***** Data in this exercise

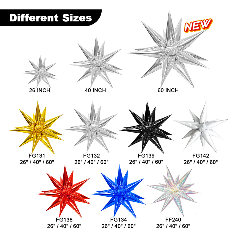 AirFungram Balloons expands the popular Blue Starburst Foil Balloon series with a striking new 60 inch size, joining the original 26" and 40" options. This balloon is a composite design made of 12 individual foil points that form a 3D starburst when assembled. Perfect for creating dynamic, eye-catching displays at weddings, celebrations, retail showcases, and stage events.
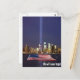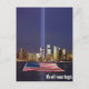 This graphic features the Manhattan skyline in New York City. The image was taken at night and the blue glow of the World Trade Center memorial is lighting up the sky and reflecting in the water below. On the surface of the water an American flag has been superimposed with the words 'We will never forget' written in white text underneath it.
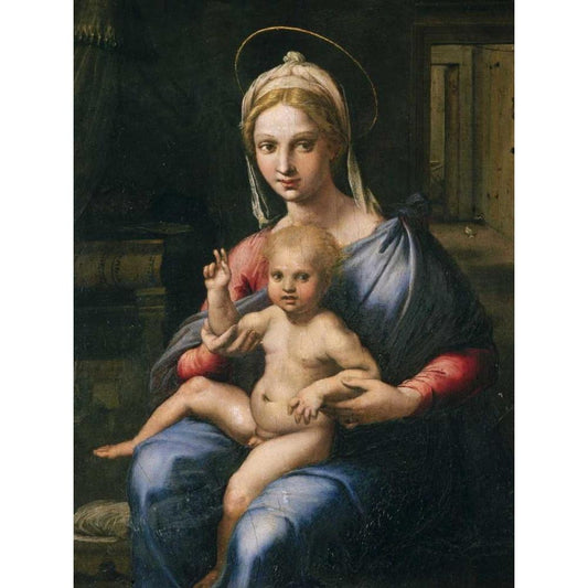 The Small Cowper Madonna Black Modern Wood Framed Art Print by Raffaello
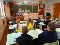 Ведущий библиотекарь Алла Викторовна Бобылева рассказала школьникам о тяготах мирных жителей в тылу и на оккупированных территориях, о подвигах пионеров – героев, о том, как сражались партизанские отряды, как воины советской армии освобождали нашу многострадальную землю от фашистов и в этом им помогали четвероногие друзья.
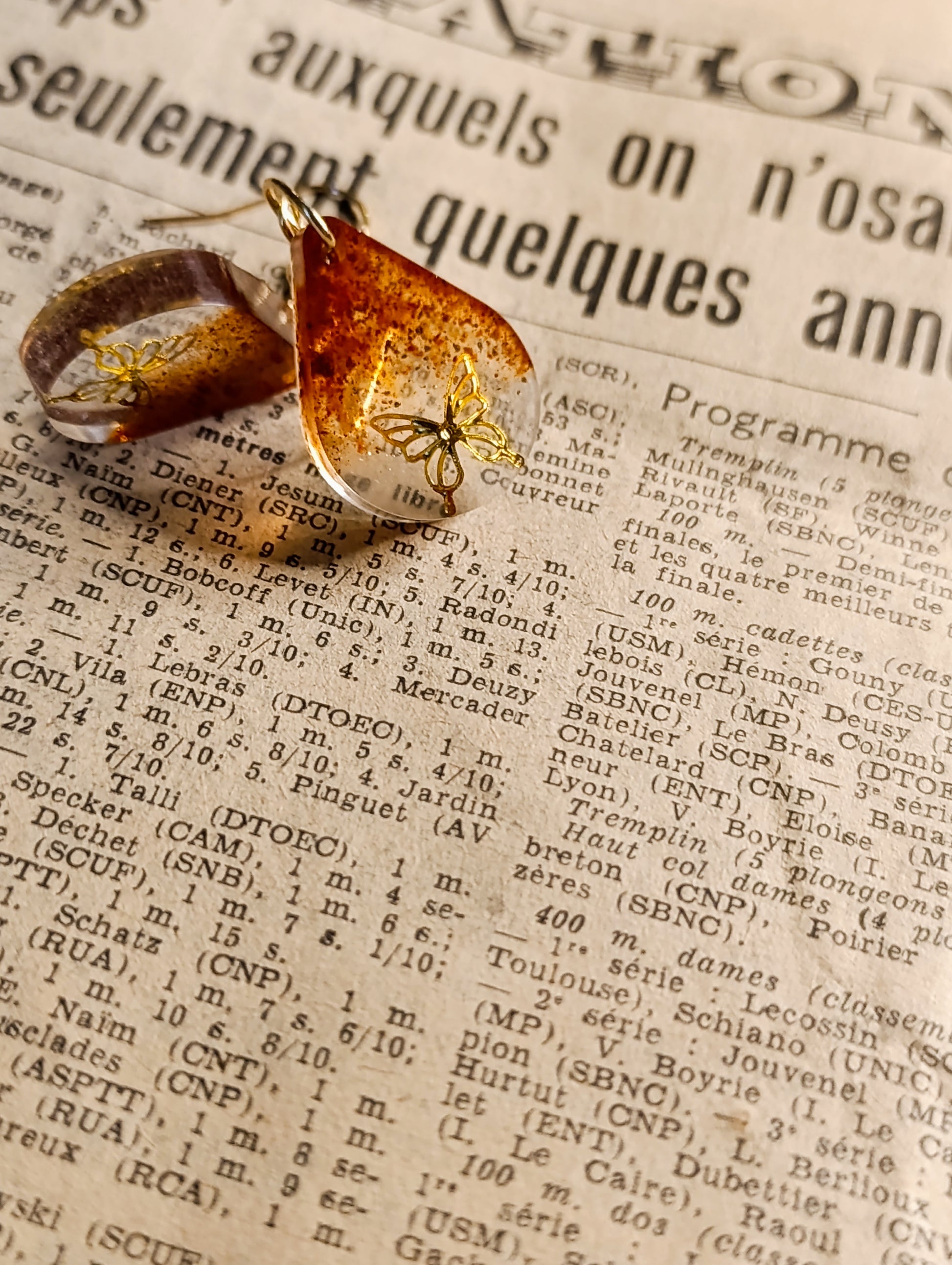 Au cœur de chaque bijou repose un papillon en acier doré, figé dans l’éternité. Le haut des pendentifs s’embrase d’un ambre profond aux reflets rougeâtres, résultat d’un délicat mélange de pigments qui donne à la création tout son relief.

**********

Work request – Pictures excluded, output exactly the line that contains "Ведущий библиотекарь Алла" and every line after it to the end of the data above.

Task answer –
 Ведущий библиотекарь Алла Викторовна Бобылева рассказала школьникам о тяготах мирных жителей в тылу и на оккупированных территориях, о подвигах пионеров – героев, о том, как сражались партизанские отряды, как воины советской армии освобождали нашу многострадальную землю от фашистов и в этом им помогали четвероногие друзья.
 Au cœur de chaque bijou repose un papillon en acier doré, figé dans l’éternité. Le haut des pendentifs s’embrase d’un ambre profond aux reflets rougeâtres, résultat d’un délicat mélange de pigments qui donne à la création tout son relief.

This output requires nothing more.